TRADE TURNAROUND: A great number of Chinese goods are exported all over the world through the bustling Xiamen Haicang Port (ZHANG GUOJUN)
As massive government investments keep China's growth engine humming, the entrenched gloom appears to be giving way to a tide of optimism. This was a marked improvement, but not necessarily a guarantee of recovery, as worries arise that the growth momentum could dry up once policymakers phase out stimulus aid. Fan Gang, Director of the National Economic Research Institute under the China Reform Foundation, discusses these issues in an article recently published on the Economic Information Daily. Edited excerpts follow:
The Chinese economy is shaking off the enormous slack that has accumulated on the export front, making way for a sustainable trajectory out of the economic slump. High budget flexibility has put the government in a better position to buck up growth, and most importantly fresh incentives are sprouting up to bode well for a long-term prospective future.
The real estate market has seen remarkable improvement, but a peak in investments will not arrive until next year. The sales boom this year will provide property developers with more resources to devote to new projects in coming years. Many of them have already been rushing to scoop up land in major urban centers, signaling an investment upturn in the near future. This will provide an effective cushion against the downturn, and help shore up an array of upstream industries like steel and cement.
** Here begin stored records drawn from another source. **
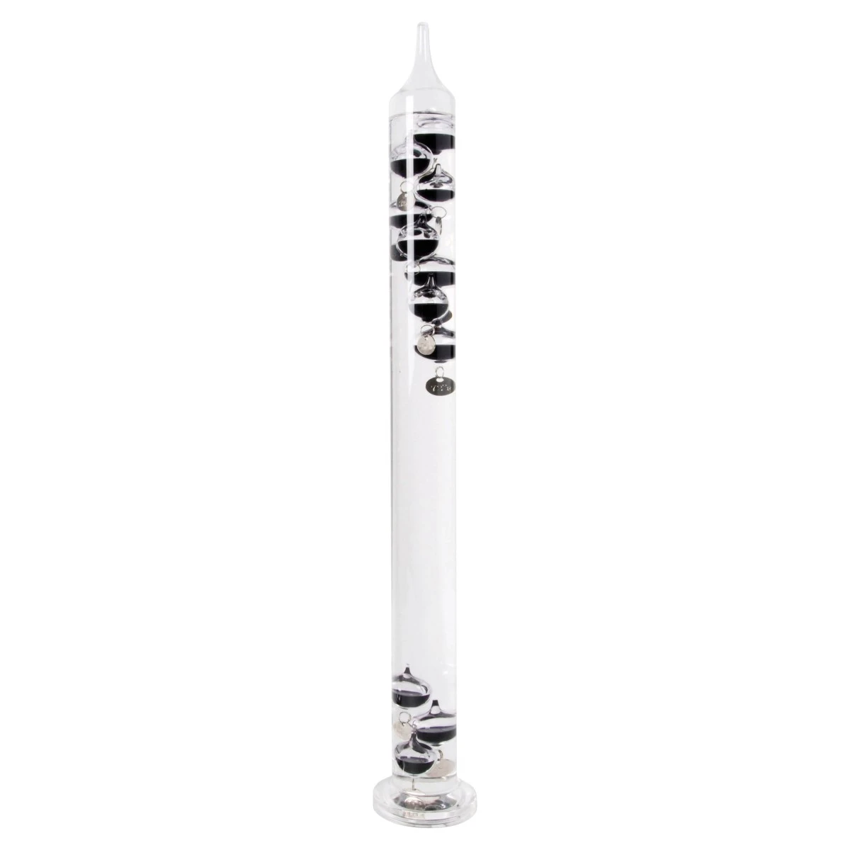 Zoekend naar een manier om exact temperaturen te meten, ontdekte Galileo deze fascinerende methode. Hij plaatste meerdere exact uitgemeten ballen in een cylinder gevuld met een bepaalde vloeistof. Hij ontdekte dat de ballen stegen of daalden afhankelijk van de aanwezige temperatuur. Met deze methode, was hij in staat om de exacte temperatuur vast te stellen. Wanneer de temperatuur stijgt wordt de vloeistof in de glazen cylinder minder dicht en zinken de zwaardere ballen langzaam naar de bodem. Deze glazen thermometer kan dankzij de voet stabiel op elke plek geplaatst worden. De schaal van de thermometer wordt in Celsius als in Fahrenheit weergegeven dankzij een metalen plaatje onder iedere glazenbolletje.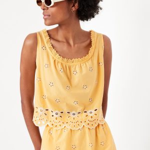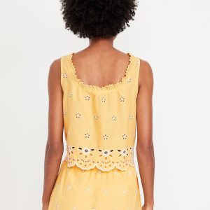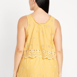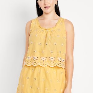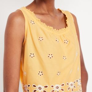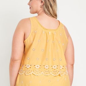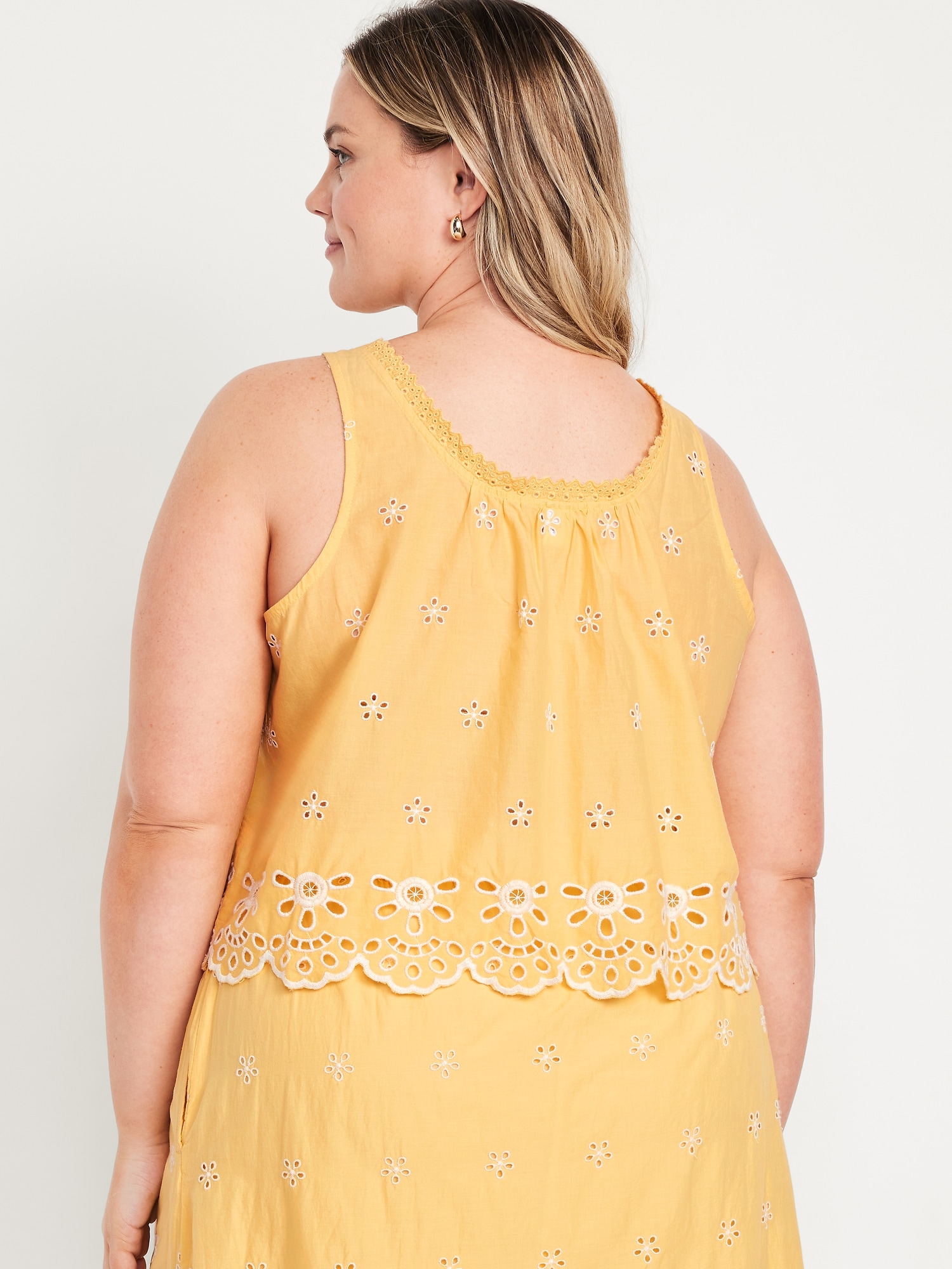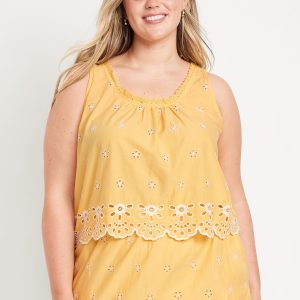 Sleeveless Eyelet Top: lace-trim scoop neck, eyelet detail, scallop hem, #704096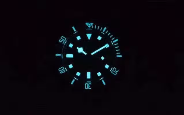 藍色戰斧的夜光非常漂亮,外圈數字指標和刻度呈現藍色夜光效果,靜下心來欣賞真的是別具一番美感,充足的夜光方便夜晚的讀時,效果絲毫不亞於水鬼,所以說「小勞力士」之稱不是空穴來風的。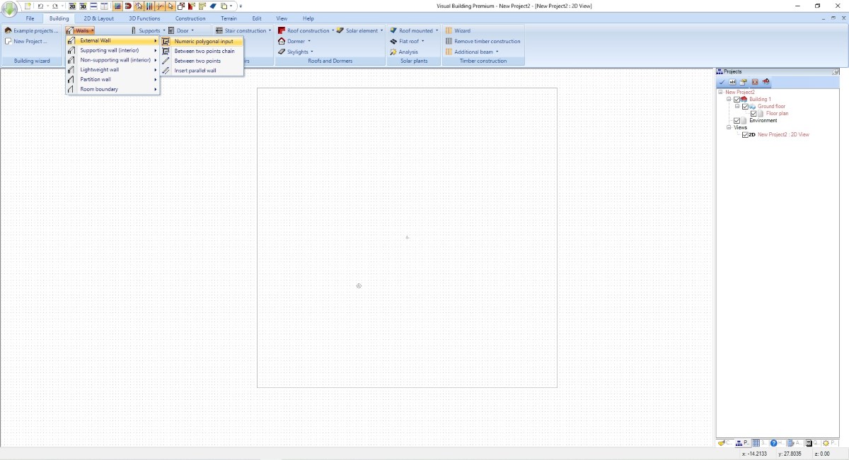 - Start the wall input tool, in this case “Exterior wall –numeric polygonal input”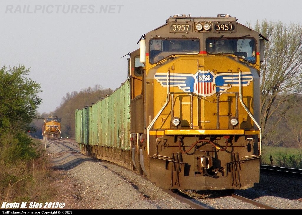 Two Union Pacific work trains sit quietly in the siding at Joan where a 38 car derailment happened on the South end of the siding which can faintly be seen in the back ground. Both trains will assist in the clean up on 4-22-2013 outside the town of Livingston, Illinois.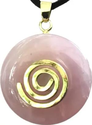 - Premium Rosenquarz Edelstein Donut optional als Kette mit Gold- oder Silberanhänger oder 80cm Lederband | Heilstein | Edelstein | Chakra-Stein (Mit Goldspirale)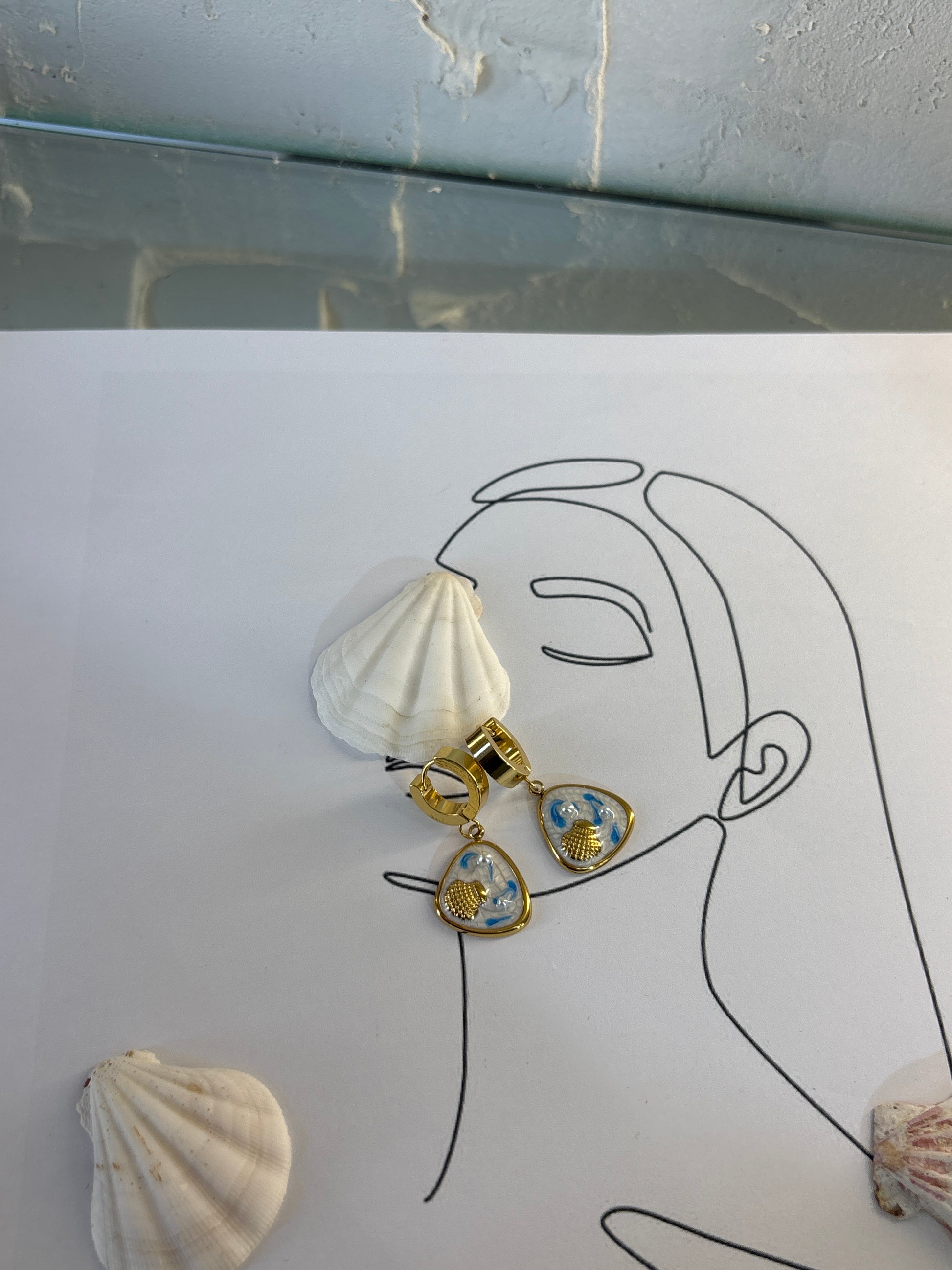 Σκουλαρίκια Μύκονος – Χρυσά Τριγωνικά με Μπλε Λεπτομέρειες και Κοχύλι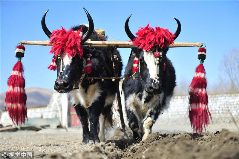 圖為白朗縣洛江鎮(zhèn)村民開耕犁出新年的第一壟青稞田,據(jù)悉,每年開耕節(jié)上,農(nóng)牧民都會裝扮自家的耕牛。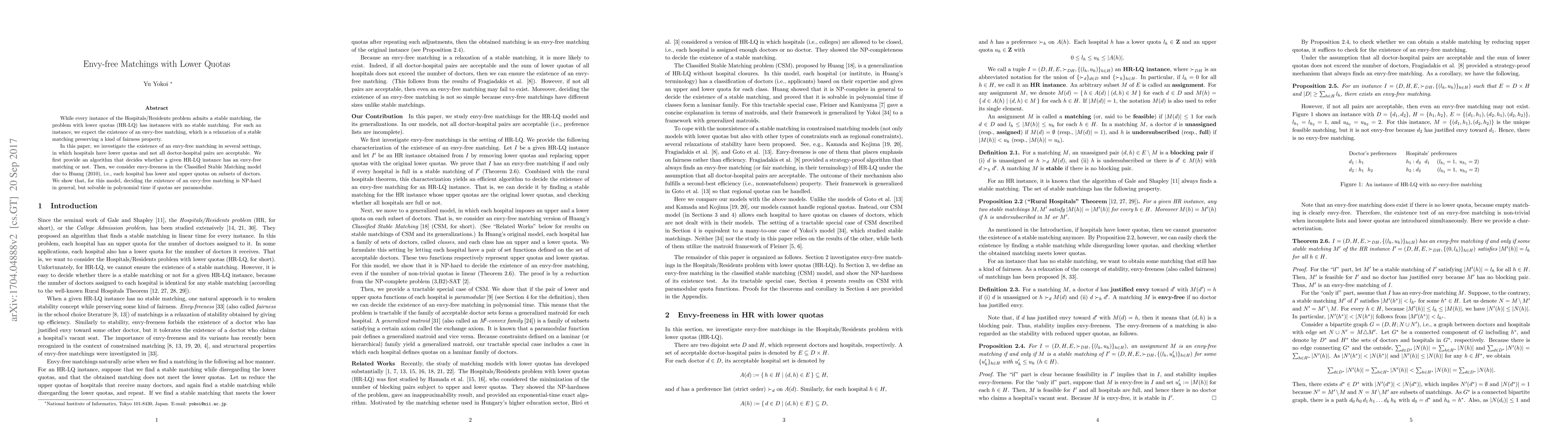 This paper investigates the existence of envy-free matchings in the Hospitals/Residents problem with lower quotas, where traditional stable matchings may not exist. It demonstrates efficient methods to determine envy-free matchings in various settings and highlights the complexity of finding such matchings in the Classified Stable Matching model.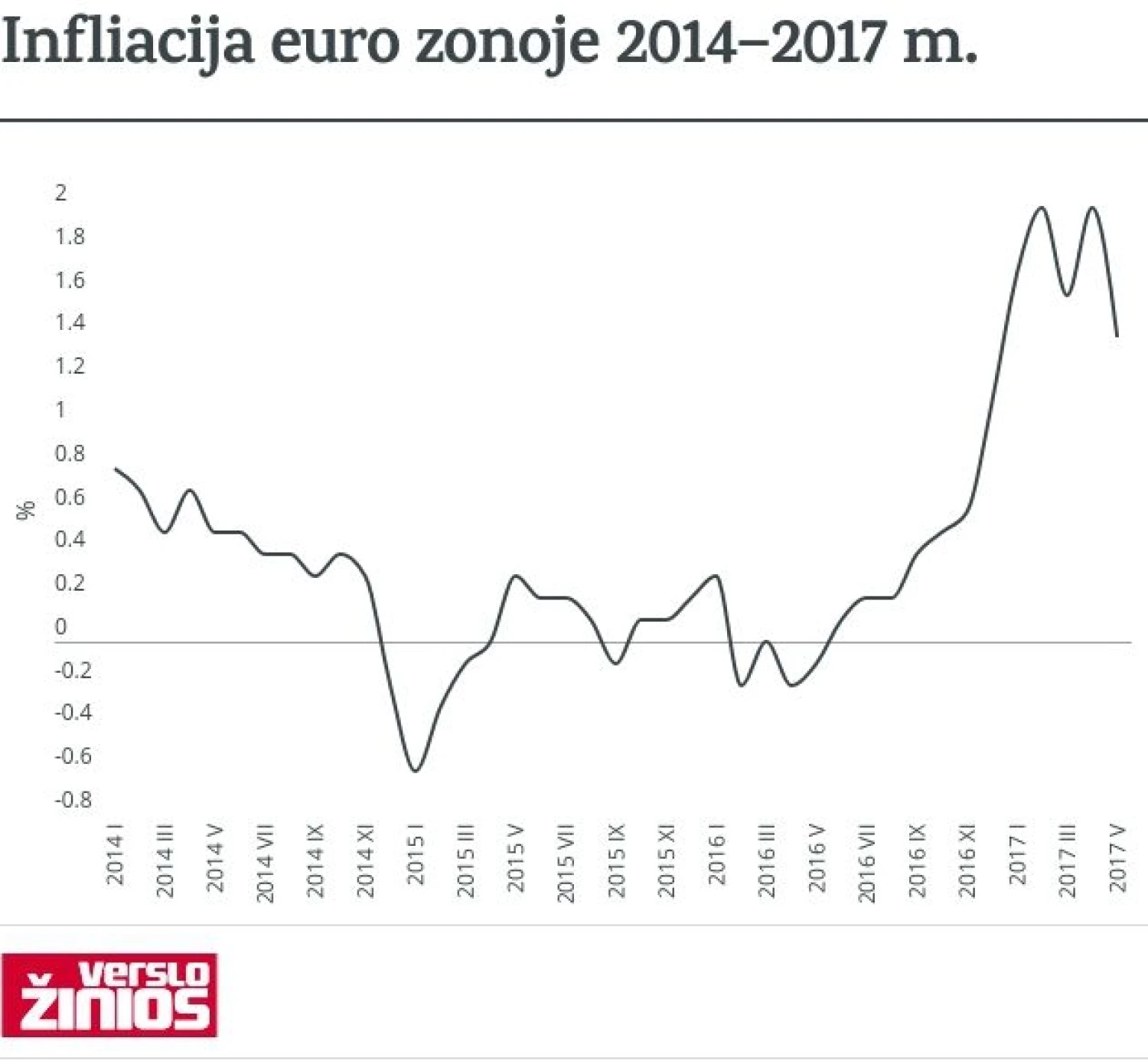 Bendrai ES ir euro zonoje metinė infliaciją gegužę kiek sulėtino apsukas, palyginti su balandžiu. Vis dėlto yra bene aukščiausiame taške per pastaruosius trekus metus. Euro zonoje metinė infliacija gegužę siekė 1,4%, visoje Bendrijoje – 1,6%, rodo duomenys. Tuo metu balandį rodikliai atitinkamai siekė 1,9% ir 2%.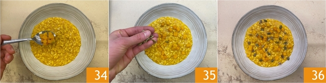 Top with the vinegar-marinated pumpkin cubes 34 and the toasted pumpkin seeds 35. Your pumpkin and seed risotto is ready to serve 36!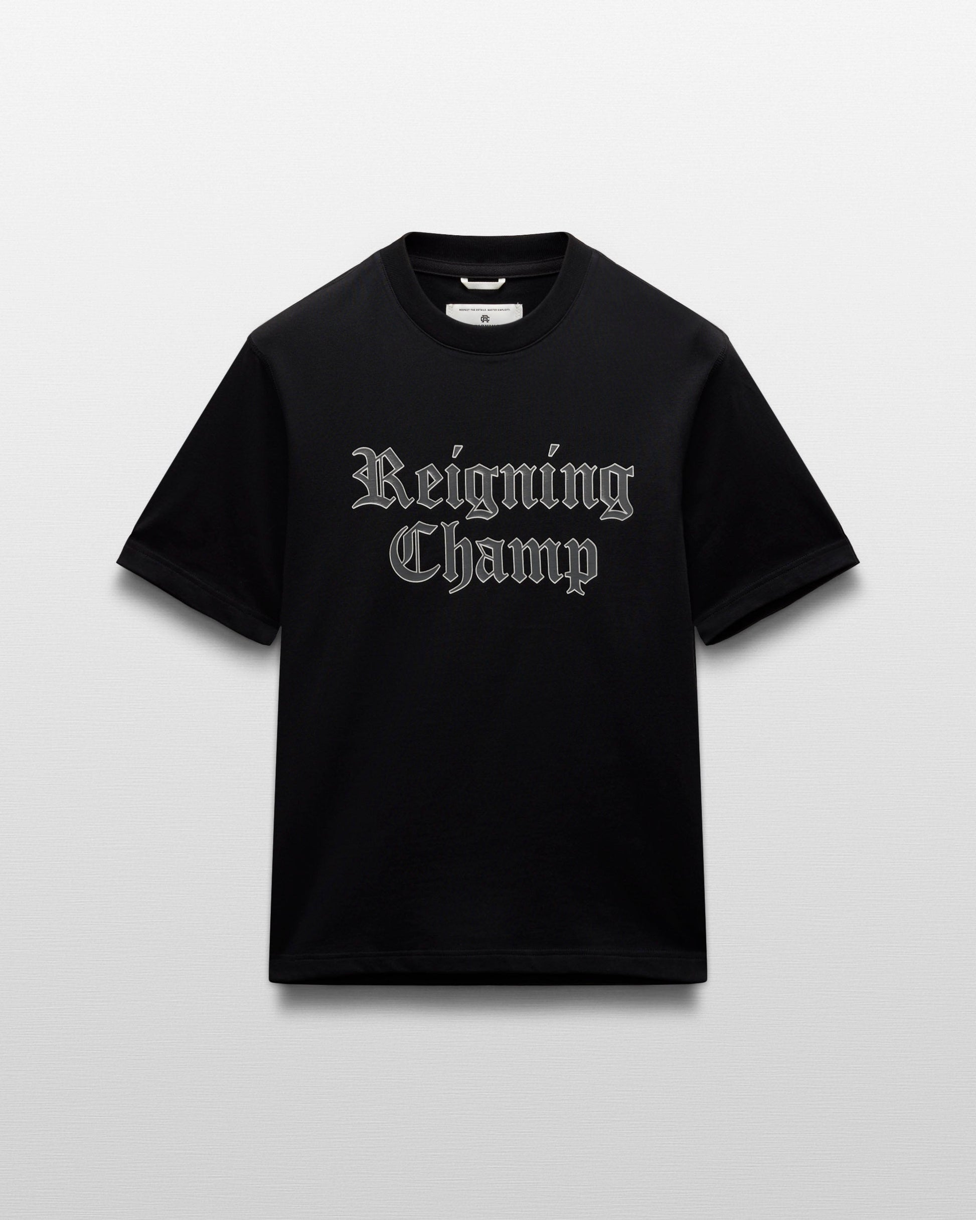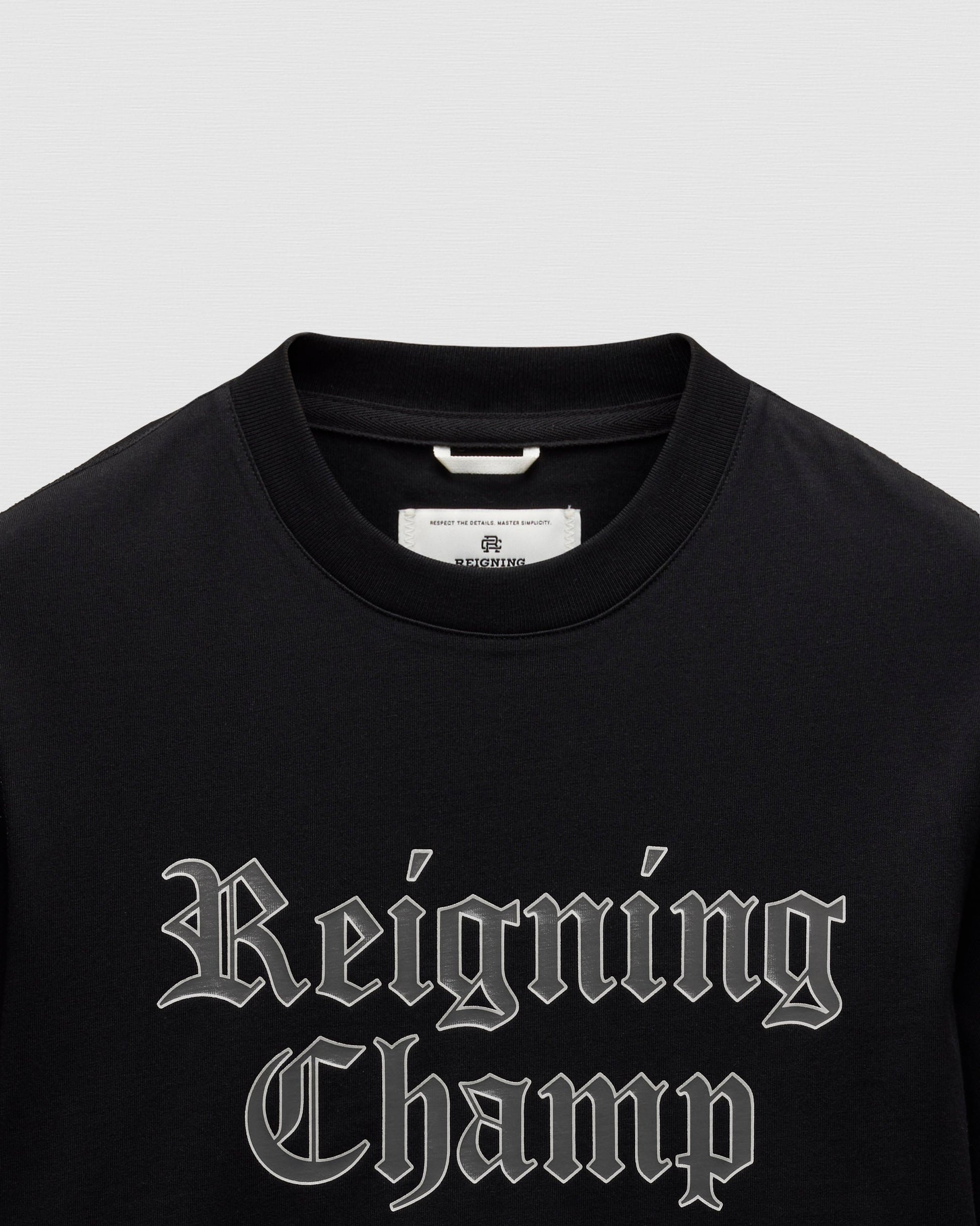 This short sleeve T-shirt is made from premium Midweight Jersey, featuring our remixed logo in an antique script. Designed in the OG standard fit, with slightly dropped shoulders and a straight silhouette through the torso. Details include a rib collar, set-in sleeves, and signature flatlock construction.

The manufacturing industry has also shown remarkable signs of improvement, lifting itself off a very low floor where it lay only a half year ago. The industry is less likely to see a substantial turnaround this year as enterprises clear up excess inventories and absorb overcapacity. A sharp uptrend should follow as the enterprises expand employment and restart investment projects that languished in the last year.
Demands for Chinese exports remain lackluster as Western consumers adopt a thrifty, conservative mindset in the wake of the deep recession. However, it is just a matter of time before the export woes fade as Chinese exporters leverage low costs and put more effort into branding. August exports grew 3.4 percent month-on-month, providing encouraging news that will hopefully be followed by a reversal in the prolonged downward streak.
Looking ahead, the world economy will take heart from the globally coordinated economic stimulation measures, though uncertainties will inevitably remain. The less-affected emerging economies will play a swift catch-up while Europe and Japan are reeling from a credit crunch and painful loss of jobs. The U.S. economy, in particular, may continue to sag in the shadow of the financial contagion.
The U.S. Government has pumped hundreds of billions of dollars into a bailout program almost as powerful as the 4-trillion-yuan ($586 billion) stimulus package of China. But a bulk of the money was used to fill deep holes in the balance sheets of beleaguered financial institutions. This almost certainly cannot create the same kind of demand as that experienced in China's spending spree on infrastructures.
In addition, China's precautious measures have also set up a firewall against the crisis. Long before the financial chaos broke out, Chinese policymakers had put a damper on the overheating economy and let air out of the real estate and stock market bubbles, paving the way for a much-needed soft landing of the economy. In another move, a sweeping reform a few years ago left Chinese banks less vulnerable to the sub-prime mortgage fallout.
All in all, we have confidence that the Chinese economy will grow at least 8 percent in the next two years, but holding up the long-term prospect will require more policy moves.
While the economic downturn is wearing off, its far-reaching implication for China's future may have just started to be felt.
First, the downturn has offered an obvious catalyst for China to shift its economy away from exports and rely more on domestic consumptions. The savings rate of Americans is on the rise, adding urgency to China's rebalancing task. It is now imperative for policymakers to make repairs to the social security net and increase the income of residents to spark consumer interest. Efforts are also needed to bridge the rural-urban income gap to propel the underdeveloped rural economy.
Second, as the financial sector loses shine, the real economy gains weight as a solid foundation for the global recovery. So if there is one lesson China should learn from the financial crisis, it is this: never overlook the manufacturing industry, the beating heart of the economic miracle. In terms of the financial sector, it is also necessary to take full account of hidden risks.
Third, a global trend of low-carbon economy is taking shape as the Unite States and Japan have made a push into clean industries and new energies. In the face of acute energy shortages and environmental damages, China has a reason to press ahead with low-carbon technological advancements and promote the green economy.
Fourth, emerging economies have contributed to more than 40 percent of the world's economic growth, and will continue to be major contributors. Closer monetary and trade coordination between these emerging economies is adding luster to their revitalization efforts. Whether many Chinese exporters could survive and prosper amid downturns may to an extent depend on how well they fare in the emerging markets.
Fifth, the financial crisis offered an opportunity for ambitious Chinese enterprises to become global players as they acquire financially distressed foreign assets. But taking a page from history books may be necessary in this endeavor, as the path to going global is hidden with pitfalls. As a result, the expansion-minded Chinese enterprises must keep a vigilant eye on potential risks, such as cross-cultural differences and management obstacles.